## TASK ITEM
Reproduce the listing below from the line with "A cute snowman" to the line with "Love the colour", both lines included, character for character, minus any pictures.

## RECORDED DATA
:::
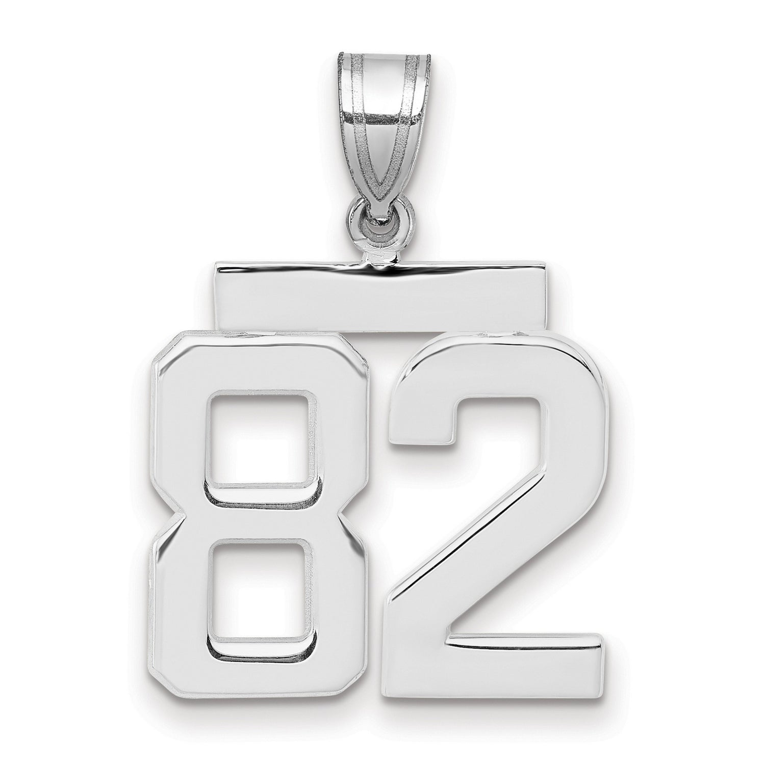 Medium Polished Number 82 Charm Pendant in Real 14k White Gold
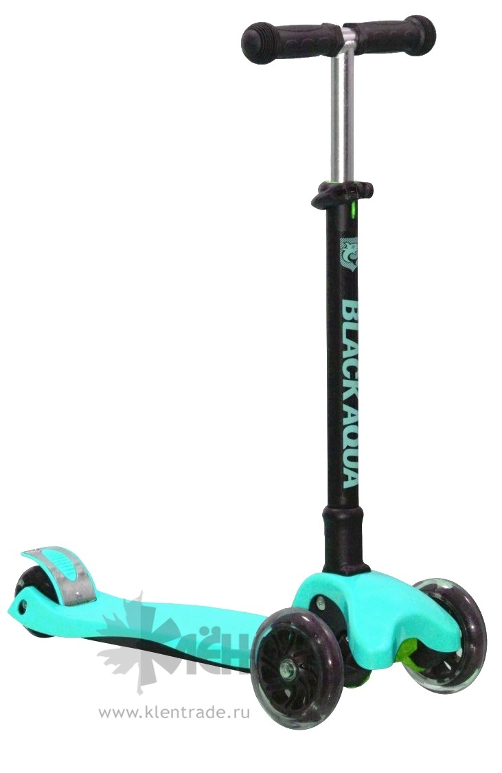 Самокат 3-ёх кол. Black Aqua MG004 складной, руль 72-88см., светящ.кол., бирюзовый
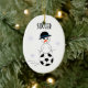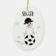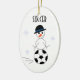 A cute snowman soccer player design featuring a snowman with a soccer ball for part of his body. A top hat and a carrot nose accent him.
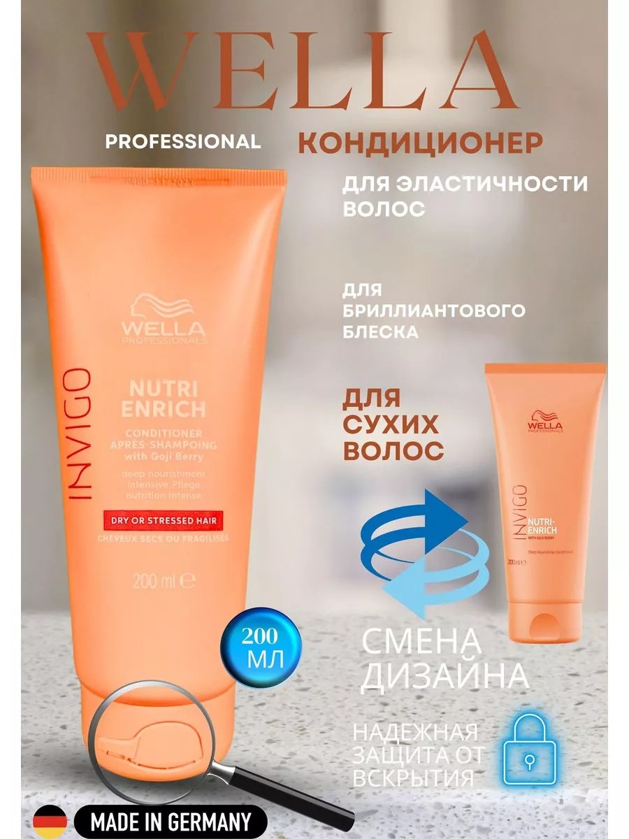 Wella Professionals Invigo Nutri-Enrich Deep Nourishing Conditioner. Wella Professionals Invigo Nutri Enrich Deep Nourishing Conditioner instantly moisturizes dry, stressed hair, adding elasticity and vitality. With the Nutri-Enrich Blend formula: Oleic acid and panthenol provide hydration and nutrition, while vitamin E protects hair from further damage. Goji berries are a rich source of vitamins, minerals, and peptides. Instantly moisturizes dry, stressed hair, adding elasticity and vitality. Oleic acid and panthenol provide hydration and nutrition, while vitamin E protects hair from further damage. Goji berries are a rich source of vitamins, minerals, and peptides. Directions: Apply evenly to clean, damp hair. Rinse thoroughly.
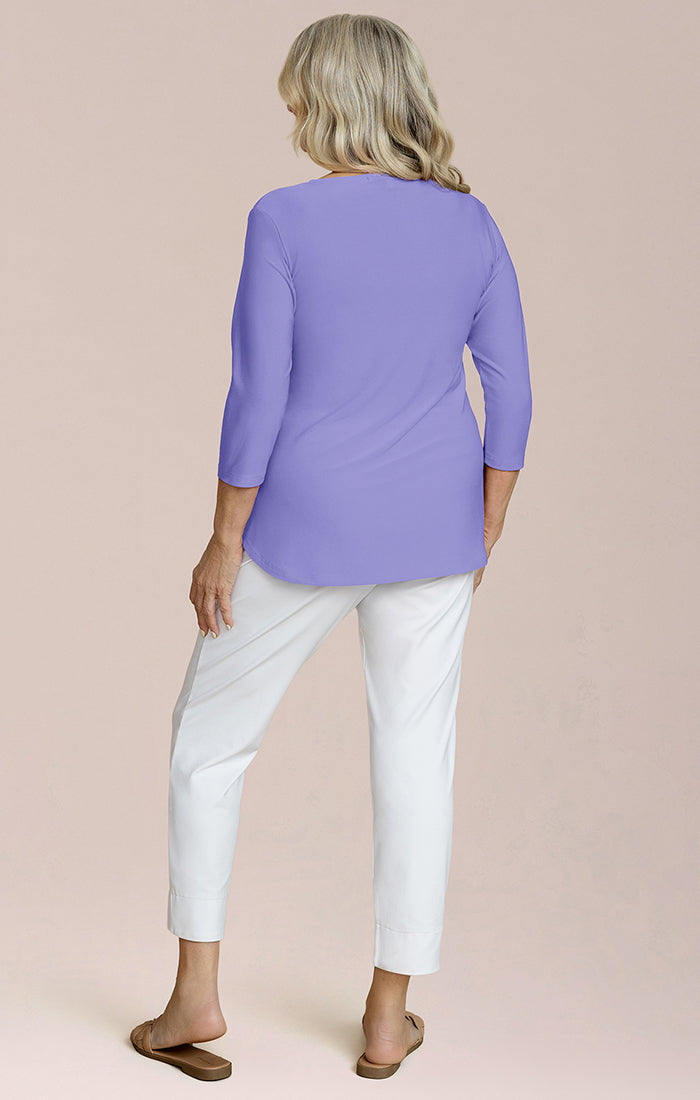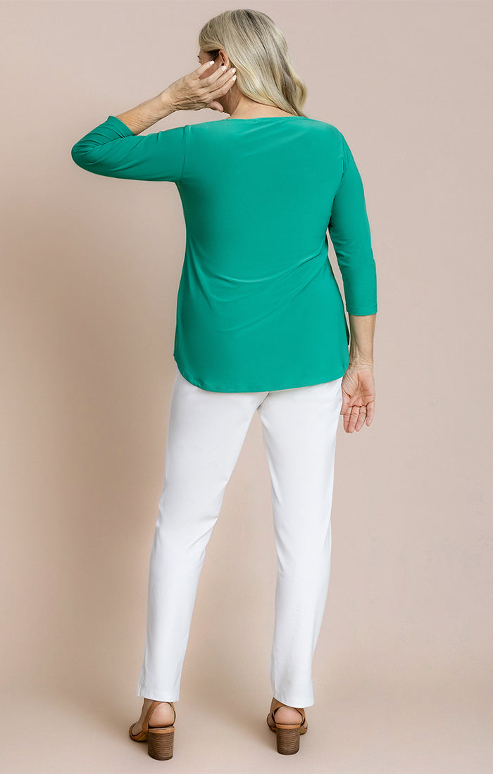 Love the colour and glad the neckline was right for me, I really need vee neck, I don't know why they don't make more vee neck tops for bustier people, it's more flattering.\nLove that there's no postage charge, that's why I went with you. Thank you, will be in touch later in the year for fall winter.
:::
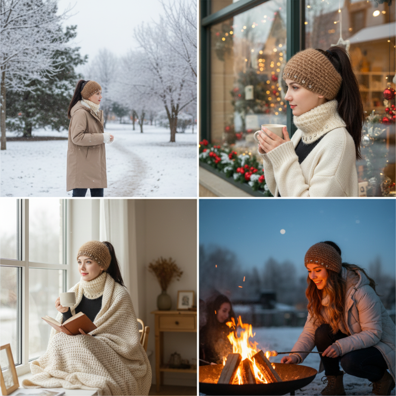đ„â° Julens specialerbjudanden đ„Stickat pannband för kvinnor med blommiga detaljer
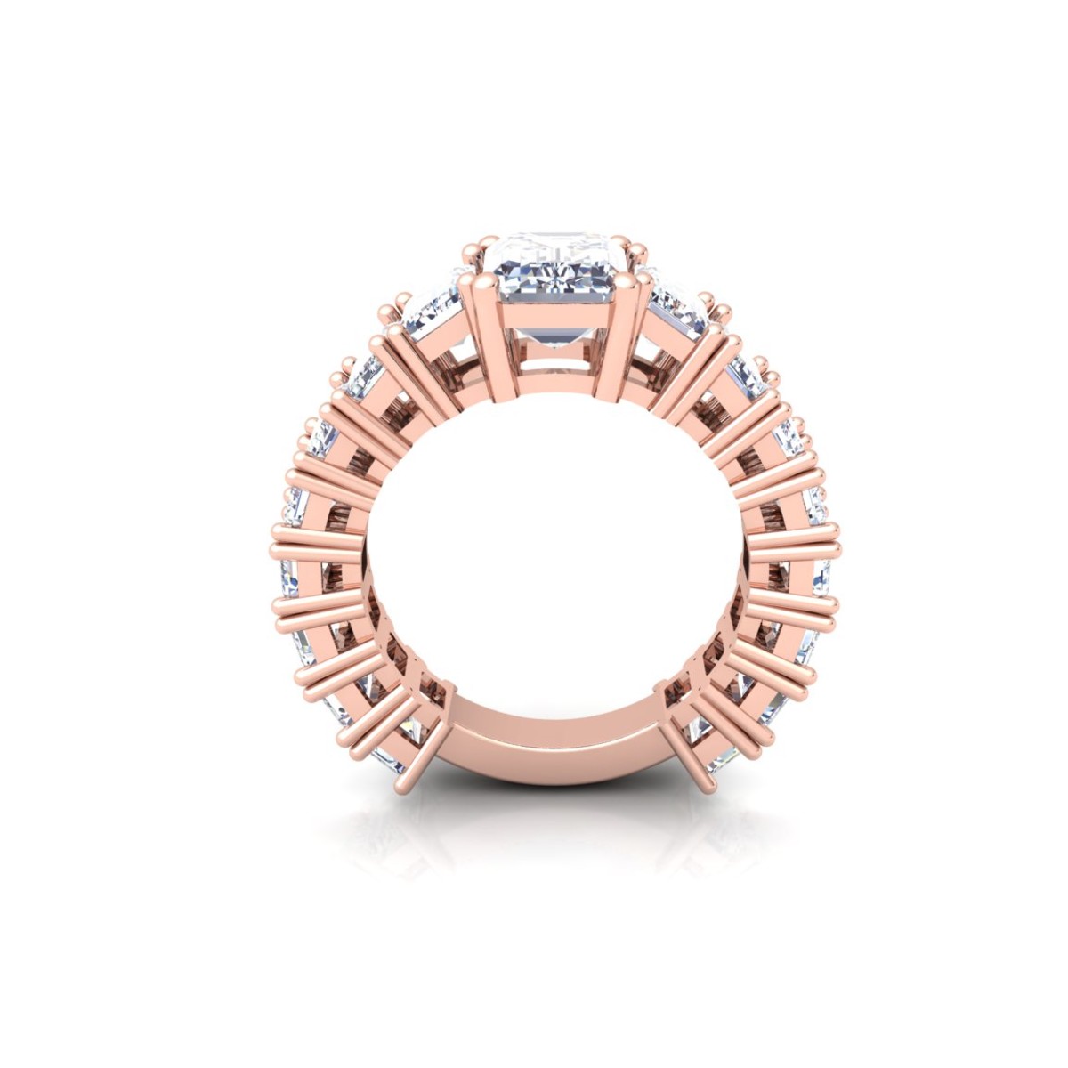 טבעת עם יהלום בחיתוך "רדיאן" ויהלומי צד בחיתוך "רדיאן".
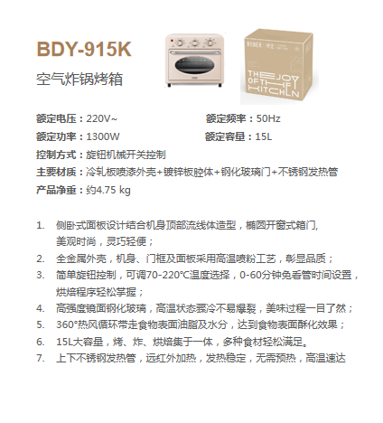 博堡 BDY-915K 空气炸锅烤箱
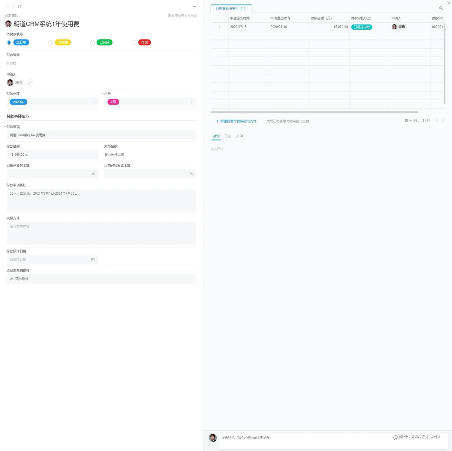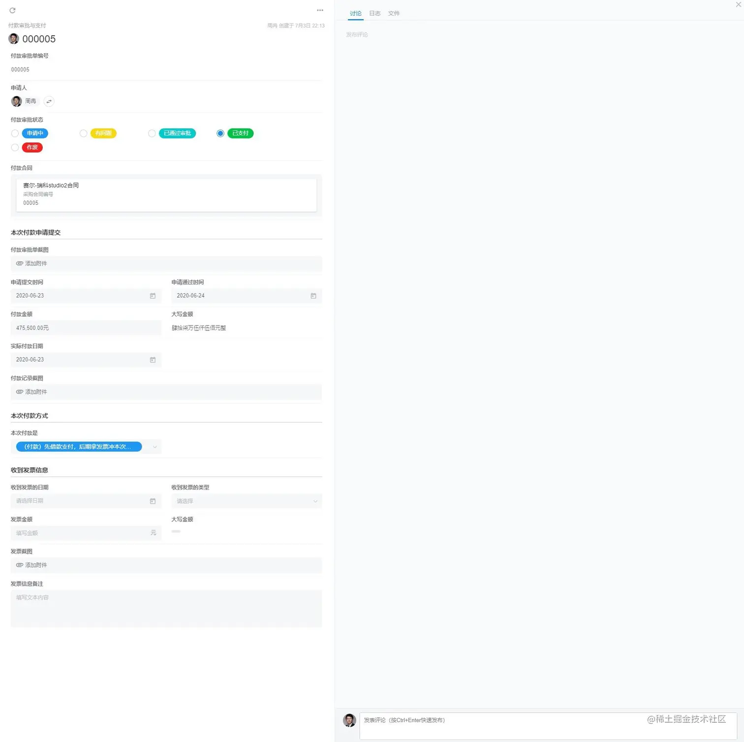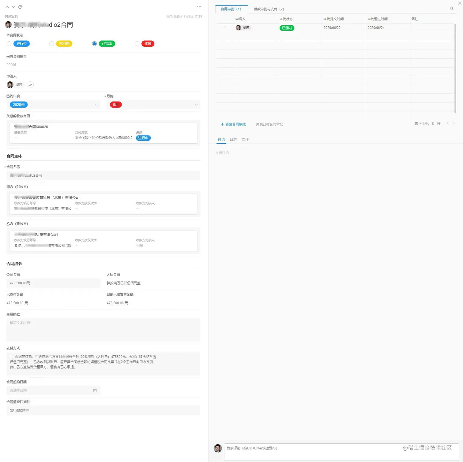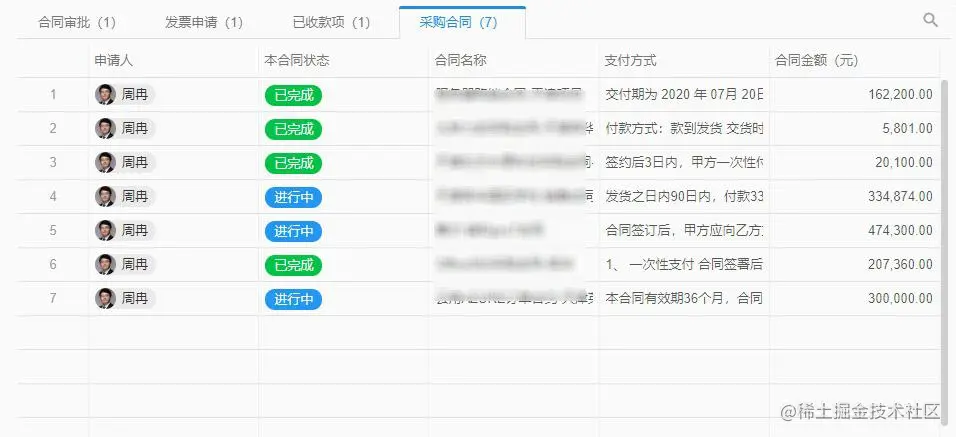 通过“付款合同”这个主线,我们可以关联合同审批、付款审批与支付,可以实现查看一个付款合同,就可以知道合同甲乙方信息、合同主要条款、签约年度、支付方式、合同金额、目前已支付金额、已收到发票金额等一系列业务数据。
:::
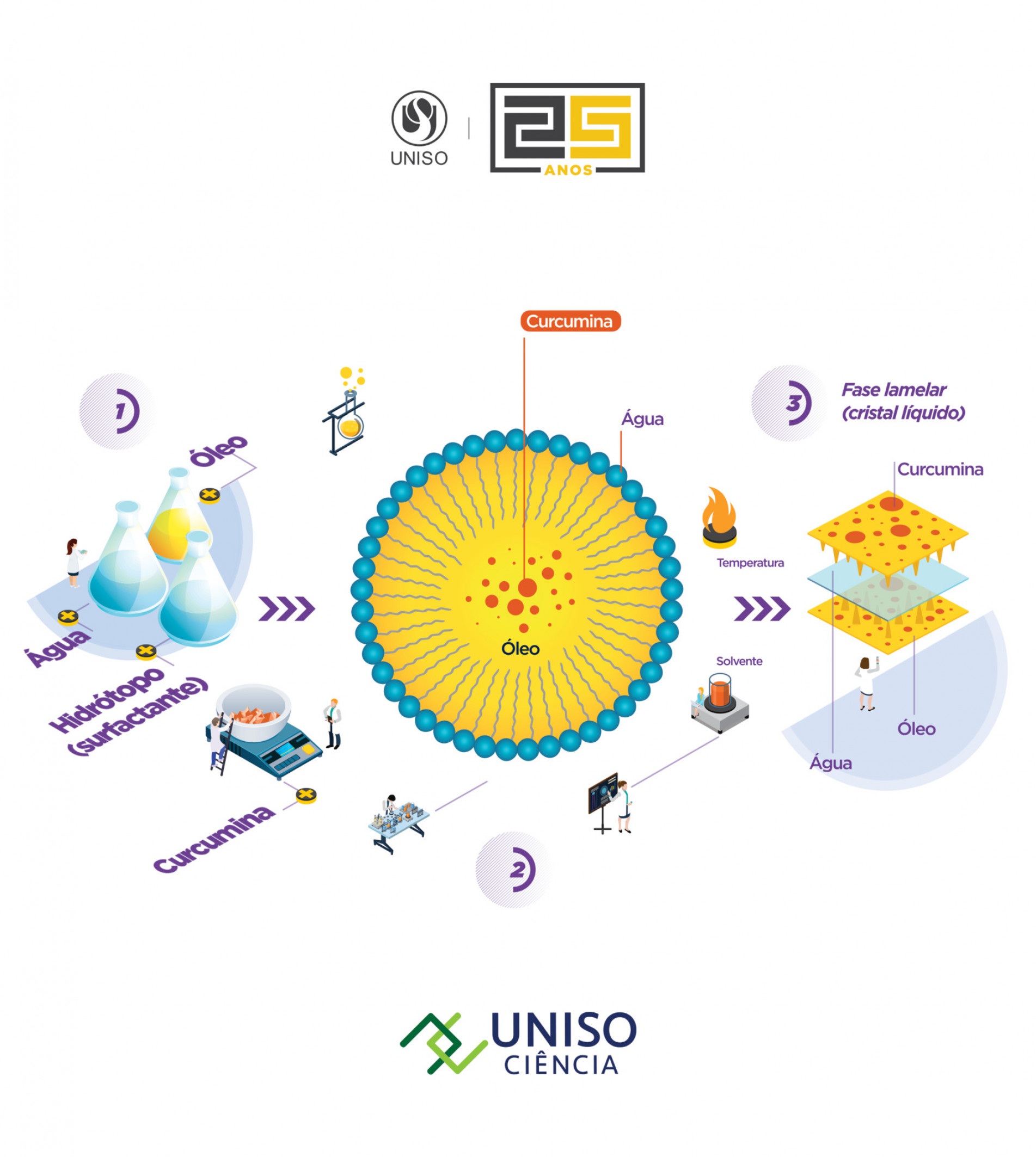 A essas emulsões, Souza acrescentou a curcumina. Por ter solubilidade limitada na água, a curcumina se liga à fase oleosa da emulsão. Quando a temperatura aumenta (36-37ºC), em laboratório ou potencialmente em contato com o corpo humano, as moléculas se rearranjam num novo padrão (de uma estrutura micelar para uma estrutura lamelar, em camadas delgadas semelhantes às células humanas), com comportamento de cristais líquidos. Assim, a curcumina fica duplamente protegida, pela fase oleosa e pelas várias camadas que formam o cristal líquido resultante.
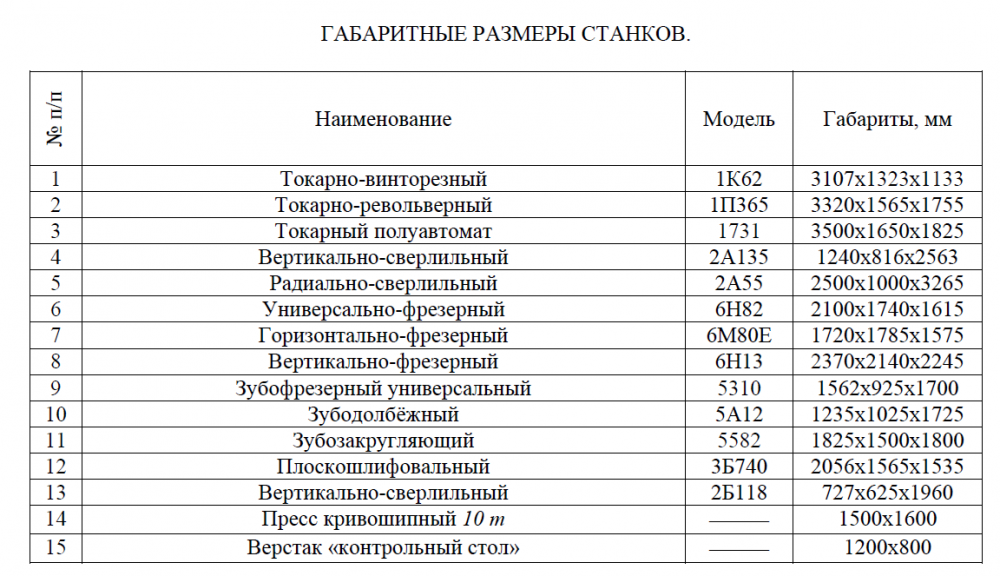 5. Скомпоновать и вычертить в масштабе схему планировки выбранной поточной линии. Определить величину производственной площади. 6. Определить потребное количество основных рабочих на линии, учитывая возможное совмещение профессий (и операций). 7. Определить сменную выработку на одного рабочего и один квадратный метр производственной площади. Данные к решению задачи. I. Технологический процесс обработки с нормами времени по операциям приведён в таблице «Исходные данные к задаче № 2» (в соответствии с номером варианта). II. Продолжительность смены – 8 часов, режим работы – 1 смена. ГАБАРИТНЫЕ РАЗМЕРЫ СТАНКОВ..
:::
## ANSWER AREA
 A cute snowman soccer player design featuring a snowman with a soccer ball for part of his body. A top hat and a carrot nose accent him.
 Wella Professionals Invigo Nutri-Enrich Deep Nourishing Conditioner. Wella Professionals Invigo Nutri Enrich Deep Nourishing Conditioner instantly moisturizes dry, stressed hair, adding elasticity and vitality. With the Nutri-Enrich Blend formula: Oleic acid and panthenol provide hydration and nutrition, while vitamin E protects hair from further damage. Goji berries are a rich source of vitamins, minerals, and peptides. Instantly moisturizes dry, stressed hair, adding elasticity and vitality. Oleic acid and panthenol provide hydration and nutrition, while vitamin E protects hair from further damage. Goji berries are a rich source of vitamins, minerals, and peptides. Directions: Apply evenly to clean, damp hair. Rinse thoroughly.
 Love the colour and glad the neckline was right for me, I really need vee neck, I don't know why they don't make more vee neck tops for bustier people, it's more flattering.\nLove that there's no postage charge, that's why I went with you. Thank you, will be in touch later in the year for fall winter.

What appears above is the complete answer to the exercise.